# The Rise of LGBT shows
Introduction thing

## Data Description

Our dataset is a collection of information about Netflix shows as of 2019. Each obsevation contains information about a Netflix show's unique ID, its type (i.e. whether it is a TV Show or a movie), title, director, cast, country (where it was produced), release date, release year, TV rating, duration, genre, and description.

The dataset 'Netflix Movies and TV Shows' was collected from Flixable, a third-party Netflix search engine. Flixable was created in 2018 by Ville Salminen, and it came with additional advanced search functionality which was missing from the implemented search engine of Netflix.
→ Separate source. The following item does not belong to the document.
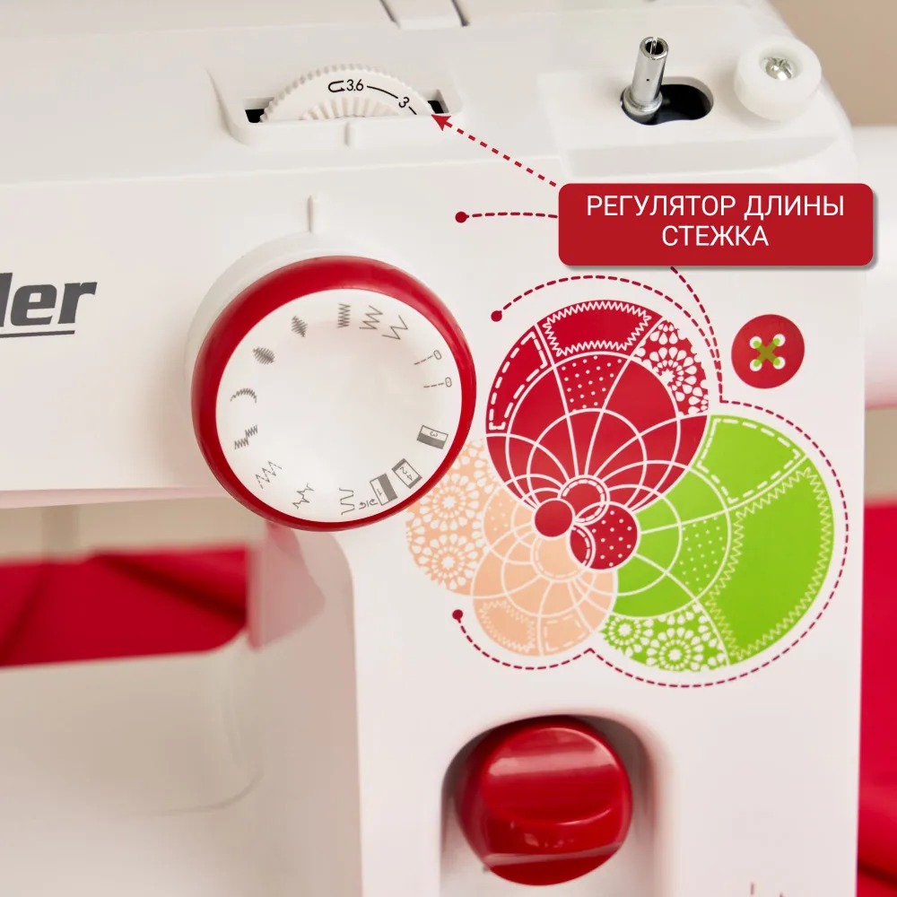 Электромеханическая швейная машина Leader TWIST прекрасная помощница в доме и на даче. В машине есть ручка для транспортировки.

The data was extracted from the Flixable database through the use of API calls.

Currently, Netlflix does not have their API publicly available, and Flixable has not openly disclosed how the web site was able to acquire the data for its database. Despite the popularity of the aforementioned site, we cannot confirm whether the dataset that was extracted from Flixable is reliable. Moreover, considering that the latest update for the dataset was on November 2019, the conclusions made in this case study may not be representative of the current Netflix shows as of September, 2020.
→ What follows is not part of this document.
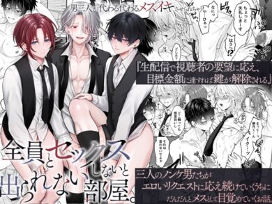 全員とセックスしないと出られない部屋。男三人が代わる代わるメスイキさせられちゃう! 【OL】

## Exploratory Data Analysis

### Import Libraries

In [None]:
import numpy as np
import pandas as pd
import matplotlib.pyplot as plt
from sklearn.tree import DecisionTreeClassifier
from sklearn import svm
from sklearn.feature_extraction.text import TfidfVectorizer
from sklearn.feature_selection import chi2, SelectKBest
from sklearn.model_selection import StratifiedKFold
from sklearn.metrics import accuracy_score, confusion_matrix, classification_report

Something load dataset

In [None]:
netflix_df = pd.read_csv("./netflix_titles.csv")
netflix_df.head()

In [None]:
netflix_df['director'].unique()

Remove duplicates dito ba?? ewan

#### Checking for `NAN`s

In [None]:
netflix_df.isnull().any()

We see here that the `description` and `listed_in` variables do not have `Nan`/`null` values. Hence, no need to drop rows (for this question, at least) or do imputation. 

#### Checking for duplicates

The `description` variable is a good feature to check for duplicates as the synopsis are expectedly unique for each show.

In [None]:
netflix_desc_duplicate = netflix_df['description'].value_counts().reset_index(name="description").query("description > 1")
print(netflix_desc_duplicate)
print("Repeated descriptions:", len(netflix_desc_duplicate))
print("Repeated shows:", netflix_desc_duplicate['description'].sum())

There are 7 repeated descriptions, and a total of 15 repeated shows based on our assumption that observations with the same description are the same show. To further confirm this, we can look at the other variables of the observations corresponding to these descriptions.

In [None]:
netflix_df.loc[netflix_df["description"].isin(netflix_desc_duplicate["index"])]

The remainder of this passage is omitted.